WHAT THE TASK ASKS: Pull out of the data below the stretch of lines bounded by the one containing "в Пензе купить" and the one containing "The problem, of", both bounds included, unchanged.

DATA PROVIDED:
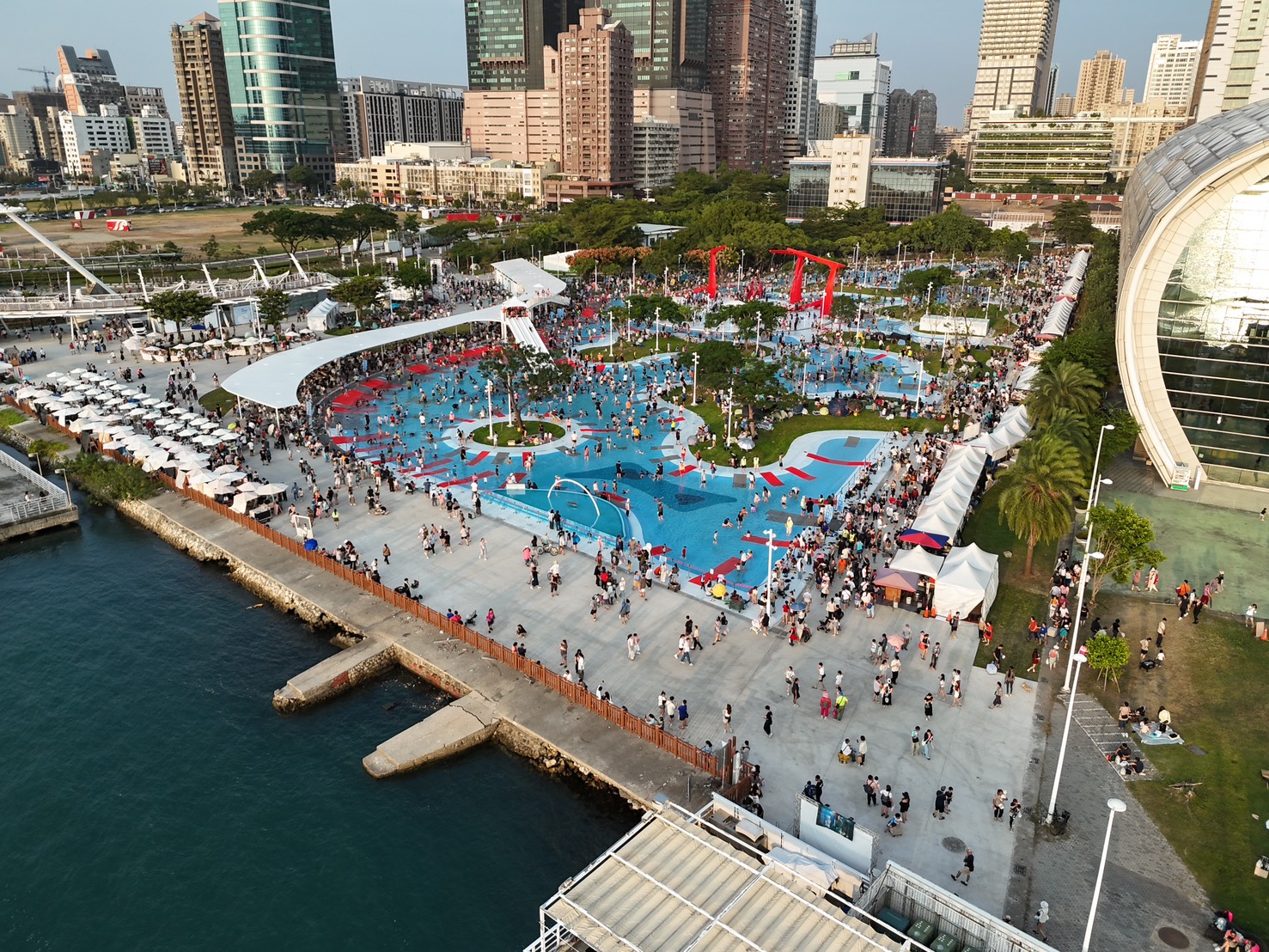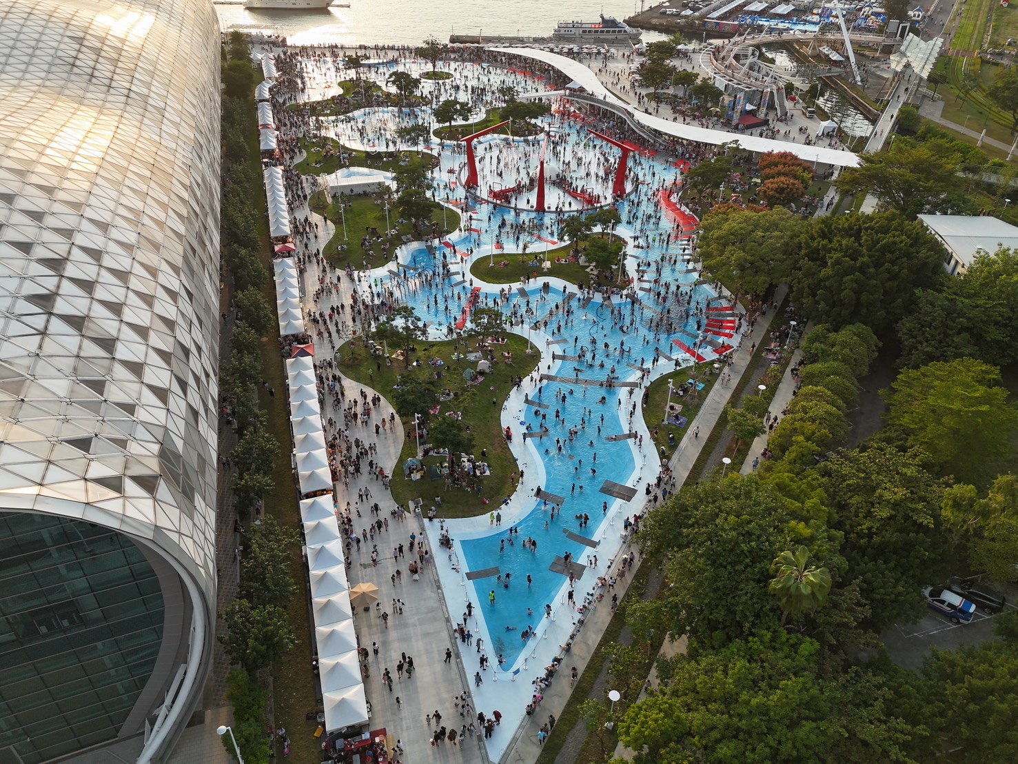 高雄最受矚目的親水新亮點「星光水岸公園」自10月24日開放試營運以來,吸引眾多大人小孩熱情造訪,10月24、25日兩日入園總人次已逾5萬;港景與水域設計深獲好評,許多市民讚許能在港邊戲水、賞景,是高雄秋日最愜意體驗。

--

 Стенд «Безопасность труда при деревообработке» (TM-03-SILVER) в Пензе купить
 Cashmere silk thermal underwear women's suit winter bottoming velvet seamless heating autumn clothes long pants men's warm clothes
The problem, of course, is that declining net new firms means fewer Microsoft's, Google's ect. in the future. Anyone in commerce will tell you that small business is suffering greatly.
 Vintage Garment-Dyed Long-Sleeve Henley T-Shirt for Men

FINISHED EXERCISE:
 Стенд «Безопасность труда при деревообработке» (TM-03-SILVER) в Пензе купить
 Cashmere silk thermal underwear women's suit winter bottoming velvet seamless heating autumn clothes long pants men's warm clothes
The problem, of course, is that declining net new firms means fewer Microsoft's, Google's ect. in the future. Anyone in commerce will tell you that small business is suffering greatly.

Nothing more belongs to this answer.